Indeed, Engle tells prison jokes unabashedly, about not taking many showers, about at least not planning to have sex for the next year or so, about his "federal vacation" where he will be learning "about a whole new culture." While Engle's humor lightens the mood, he becomes serious about one thing, two actually— his sons Brett, 18, a freshman at the University of North Carlina-Greeensboro, and Kevin, 16, a sophomore at the Early College at Guilford—whom he sees daily when not traveling.

"People have to listen to me talk incessantly about my kids," says Engle. "The worst thought [about prison] would be something happening to them, from an emotional standpoint, and not being around to help them."

LAW AND DISORDER

At the time I visited, Engle's legal misfortune has been recently highlighted in a January 3rd blog post entitled "Charlie Engle's Fraud-Funded Sahara Run—Will He Get 111 Days in the Slammer?" by a prominent California trail runner Scott Dunlap, who writes runtrails.blogspot.com.

Some commenters on the post jumped on Engle's case, with scathing sentiments like: "Be mad all you want at Scott for his tone, but it is his blog and his point of view," wrote one poster, identified by the screen name of Anthony Brantley. "Regardless, Charlie is a thief, Google what occured and read the articles, the guy's a thief. Who you are or what you did does not absolve you of your bad deeds.

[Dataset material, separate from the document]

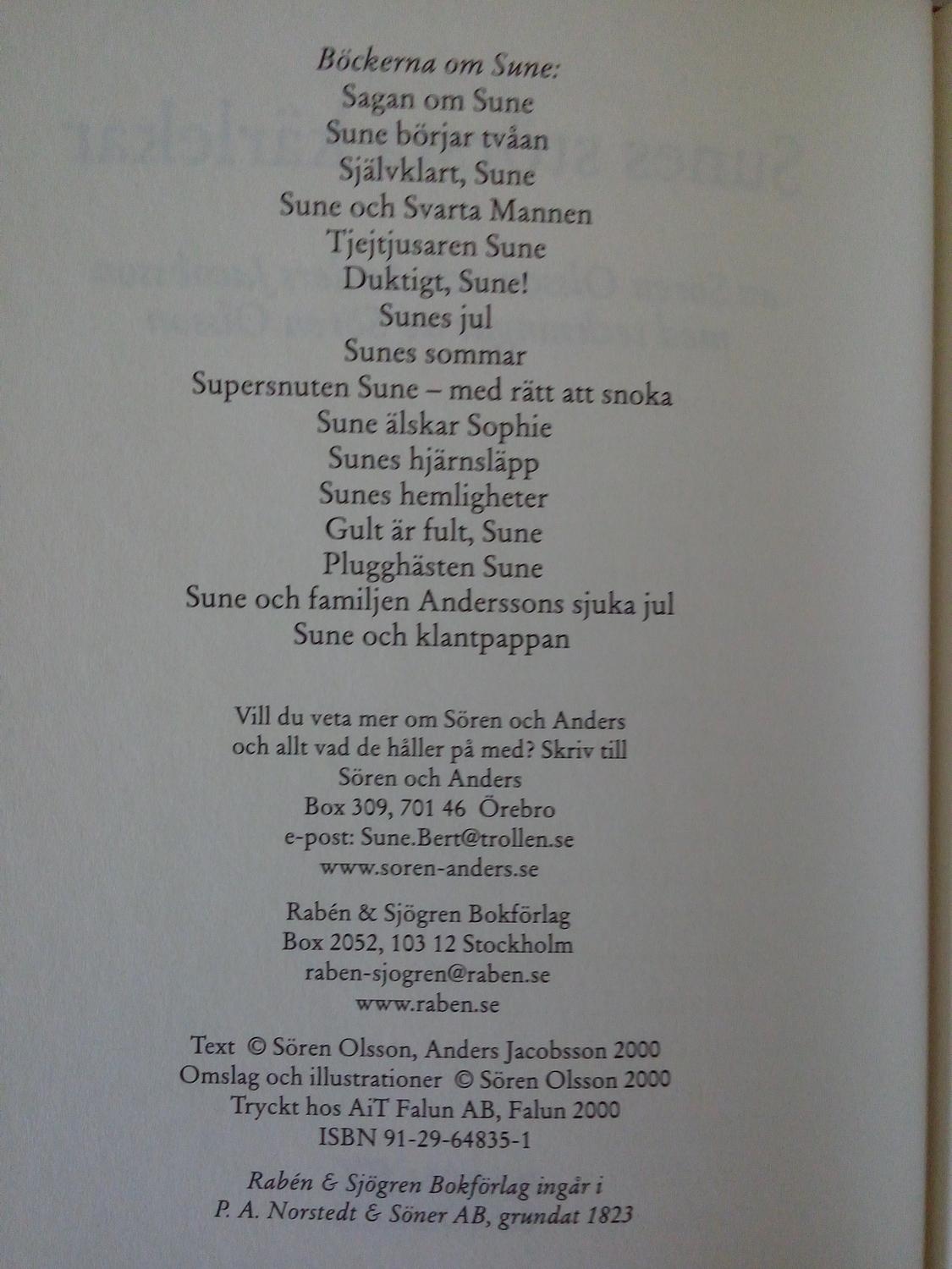 Sunes största kärlekar av Anders Jacobsson, Sören Olsson, bok

The statement he made `everybody was doing it' is pretty telling of his character, IMHO. As far as his family and sons go, maybe he should have thought of them before he did what he did. ... The guy did these crimes to do and live the way he wanted. I don't care what his reason or cause was, it was wrong. ...For whatever reason [the investigator] checked up on Charlie and found out he was a crook."